A Rua de São Roque da Lameira e o seu eixo complementar a sul serão também revistos. Bem como a reabilitação dos bairros onde ainda não foi feita intervenção e de ilhas com condições de habitação precárias. Nas antigas instalações da escola do Cerco, recorde-se, haverá um novo centro de saúde, estando também prevista a criação de residências assistidas para idosos. Nos casos onde a recuperação do edificado não se justifique do ponto de vista económico, será promovida uma transferência de habitação, seja através de programas do IHRU ou da ocupação do edificado municipal devoluto.

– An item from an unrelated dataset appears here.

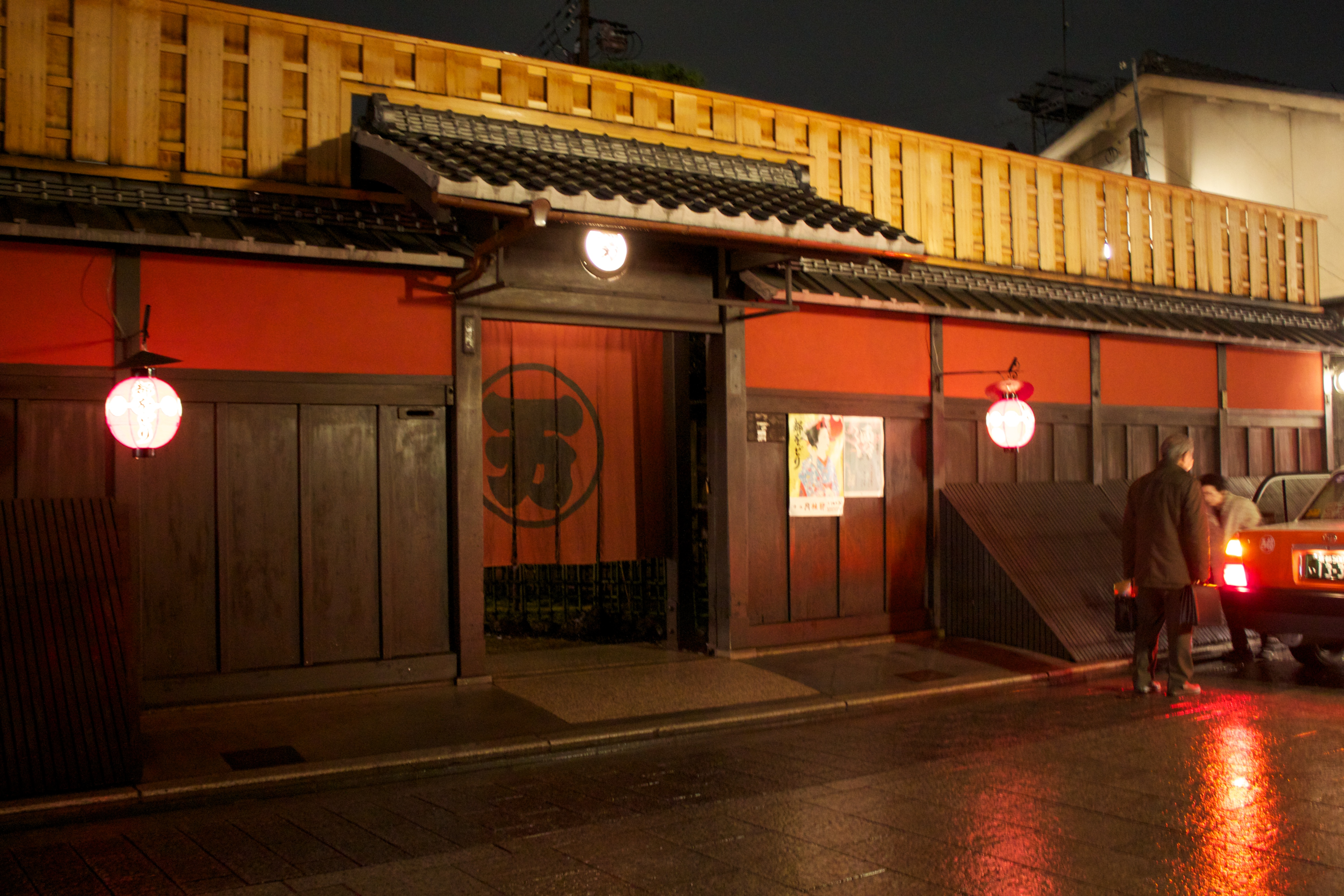 The entrance to the famous Ichiriki ochaya (restaurant)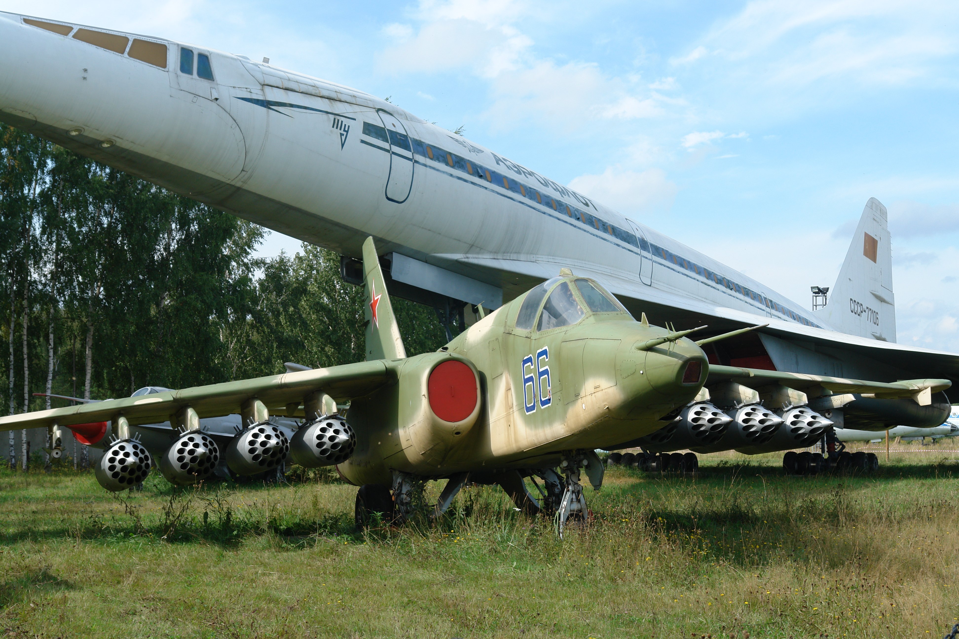 Sukhoi Su-25 (Frogfoot) at Monino Central Air Force Museum (Moscow)

A criação de um “corredor ecológico” na Corujeira, que quer levar um futuro mais verde a Campanhã, passará sobretudo pelos bairros da freguesia e será um teste para “novos modelos de desenvolvimento urbano por meio de inovações no espaço público”.

A questão da mobilidade é também visada no plano de Moreira. Não poderia ser de outra forma “num território marcado por uma orografia bastante irregular e acidentada e por importantes barreiras físicas, marcadas pelas infra-estruturas ferroviárias”. O próprio vale de Campanhã, a VCI, a estrada da Circunvalação. A história de Campanhã é a de um território historicamente ferido. Para promover uma “maior acessibilidade local e a mobilidade sustentável”, haverá um eixo entre as zonas de Costa Cabral e São Roque da Lameira, as áreas de Contumil e Currais e ainda no núcleo rural de Vila Cova. Para os antigos terrenos do parque de recolha dos STCP e da antiga fábrica “A Invencível” está previsto um novo pólo multifuncional, com habitação, comércio e serviços.

Para além da reabilitação física do edificado e do espaço público, serão “desenvolvidos e promovidos um conjunto de eventos culturais e de animação do espaço público e do comércio local”, sobretudo nas zonas da Corujeira, Contumil e Cerco. E ainda “medidas de prevenção do desenvolvimento de comportamentos desviantes e da marginalidade”, criando “áreas da prevenção primária e secundária, educação, segurança, cultura, desporto e lazer”, sobretudo nos bairros sociais.

Por último, um “laboratório vivo para a descarbonização”. O objectivo, como o nome faz adivinhar, é aumentar a eficiência e reduzir o consumo de energia, testando soluções tecnológicas e promovendo experiências com os cidadãos em espaço urbano. As intervenções serão nas áreas dos “transportes e mobilidade, de eficiência energética em edifícios, de serviços ambientais inovadores e de promoção da economia circular”. E voltando ao conceito de laboratório: se o teste ambiental correr bem na zona oriental, Campanhã poderá servir de exemplo à restante cidade.